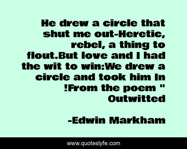 This page presents the quote "He drew a circle that shut me out-Heretic, rebel, a thing to flout.But love and I had the wit to win:We drew a circle and took him In !From the poem " Outwitted". Author of this quote is Edwin Markham. This quote is about heretic, friend, love, poem, wit, rebel, affection,.
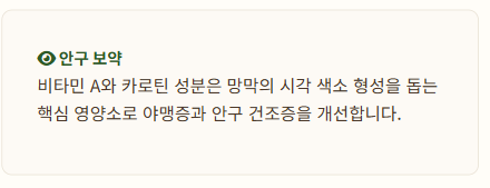 - 시력 보호 및 안구 질환 예방: 눈의 충혈을 완화하고 야맹증 및 안구 건조증 개선에 효과적입니다.
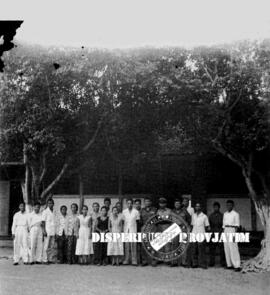 Foto bersama rombongan tim kebersihan saat peninjauan Tim Kebersihan Nasional ke Malang, Blitar dan Kediri, 25 – 7 – 1960
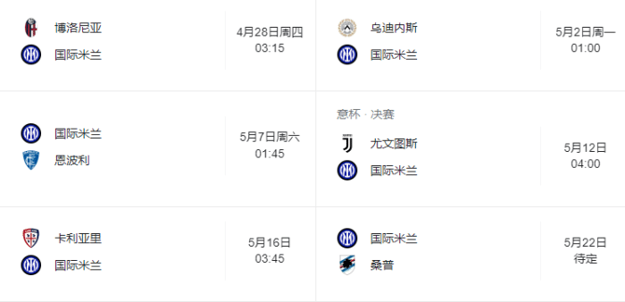 国米还有5轮联赛未踢,赛程分别是客战博洛尼亚(第13)、客战乌迪内斯(第12)、主场战恩波利(第14)、客场战卡利亚里(第17)以及主场战桑普多利亚(第16),中间还有一场和尤文图斯的意大利杯决赛。
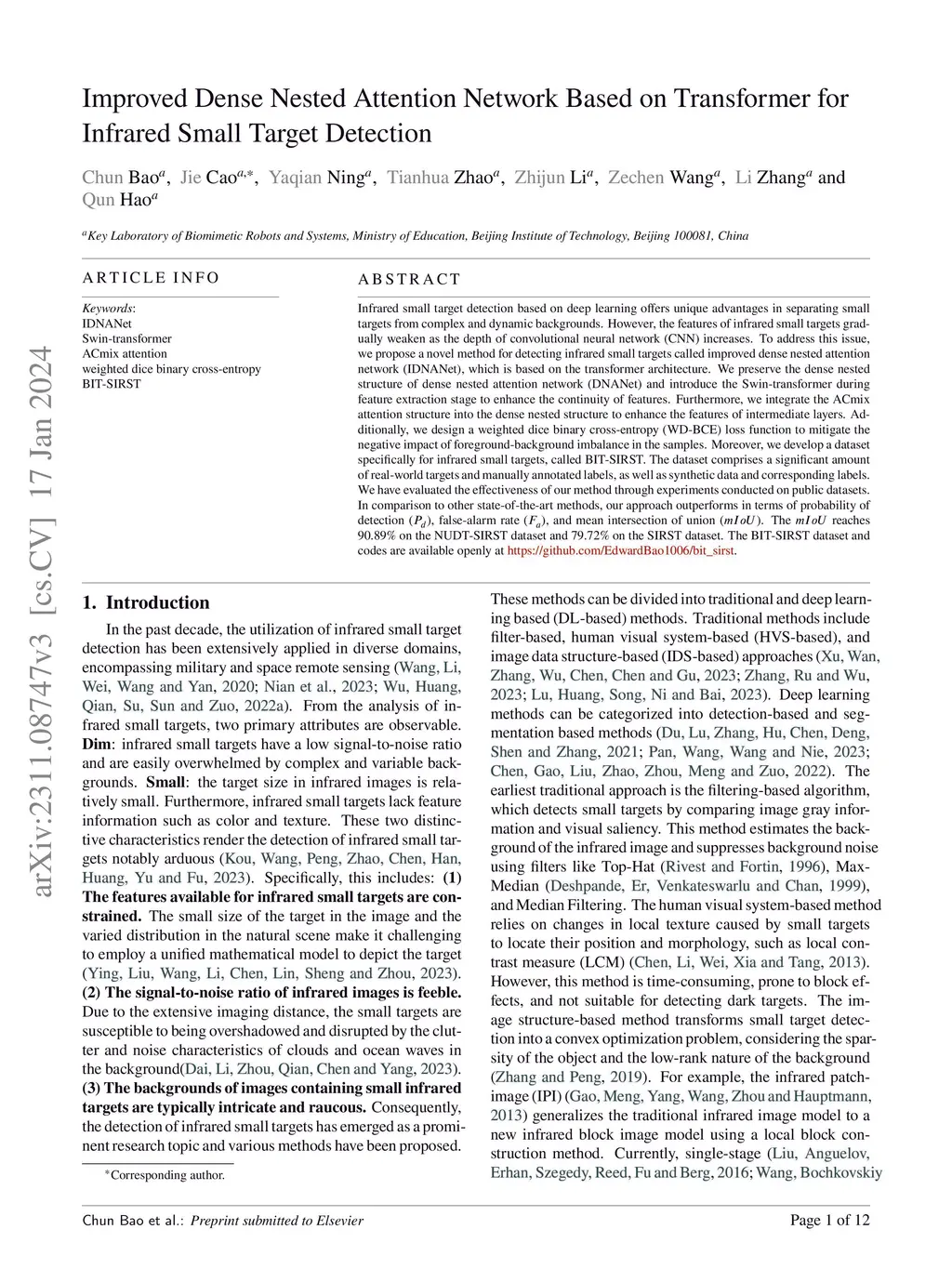 Infrared small target detection based on deep learning offers unique advantages in separating small targets from complex and dynamic backgrounds. However, the features of infrared small targets gradually weaken as the depth of convolutional neural network (CNN) increases. To address this issue, we propose a novel method for detecting infrared small targets called improved dense nested attention network (IDNANet), which is based on the transformer architecture. We preserve the dense nested structure of dense nested attention network (DNANet) and introduce the Swin-transformer during feature extraction stage to enhance the continuity of features. Furthermore, we integrate the ACmix attention structure into the dense nested structure to enhance the features of intermediate layers. Additionally, we design a weighted dice binary cross-entropy (WD-BCE) loss function to mitigate the negative impact of foreground-background imbalance in the samples. Moreover, we develop a dataset specifically for infrared small targets, called BIT-SIRST. The dataset comprises a significant amount of real-world targets and manually annotated labels, as well as synthetic data and corresponding labels. We have evaluated the effectiveness of our method through experiments conducted on public datasets. In comparison to other state-of-the-art methods, our approach outperforms in terms of probability of detection (), false-alarm rate (), and mean intersection of union (). The reaches 90.89\% on the NUDT-SIRST dataset and 79.72\% on the SIRST dataset. The BIT-SIRST dataset and codes are available openly at \href{https://github.com/EdwardBao1006/bit\_sirst}{\color[HTML]{B22222}{https://github.com/EdwardBao1006/bit\_sirst}}.

******

> [What to do] The copy has to start at the line that contains "Foto bersama rombongan" and end at the last line of the material above, matching the original exactly and holding no pictures.

> [Solution below]
 Foto bersama rombongan tim kebersihan saat peninjauan Tim Kebersihan Nasional ke Malang, Blitar dan Kediri, 25 – 7 – 1960
 国米还有5轮联赛未踢,赛程分别是客战博洛尼亚(第13)、客战乌迪内斯(第12)、主场战恩波利(第14)、客场战卡利亚里(第17)以及主场战桑普多利亚(第16),中间还有一场和尤文图斯的意大利杯决赛。
 Infrared small target detection based on deep learning offers unique advantages in separating small targets from complex and dynamic backgrounds. However, the features of infrared small targets gradually weaken as the depth of convolutional neural network (CNN) increases. To address this issue, we propose a novel method for detecting infrared small targets called improved dense nested attention network (IDNANet), which is based on the transformer architecture. We preserve the dense nested structure of dense nested attention network (DNANet) and introduce the Swin-transformer during feature extraction stage to enhance the continuity of features. Furthermore, we integrate the ACmix attention structure into the dense nested structure to enhance the features of intermediate layers. Additionally, we design a weighted dice binary cross-entropy (WD-BCE) loss function to mitigate the negative impact of foreground-background imbalance in the samples. Moreover, we develop a dataset specifically for infrared small targets, called BIT-SIRST. The dataset comprises a significant amount of real-world targets and manually annotated labels, as well as synthetic data and corresponding labels. We have evaluated the effectiveness of our method through experiments conducted on public datasets. In comparison to other state-of-the-art methods, our approach outperforms in terms of probability of detection (), false-alarm rate (), and mean intersection of union (). The reaches 90.89\% on the NUDT-SIRST dataset and 79.72\% on the SIRST dataset. The BIT-SIRST dataset and codes are available openly at \href{https://github.com/EdwardBao1006/bit\_sirst}{\color[HTML]{B22222}{https://github.com/EdwardBao1006/bit\_sirst}}.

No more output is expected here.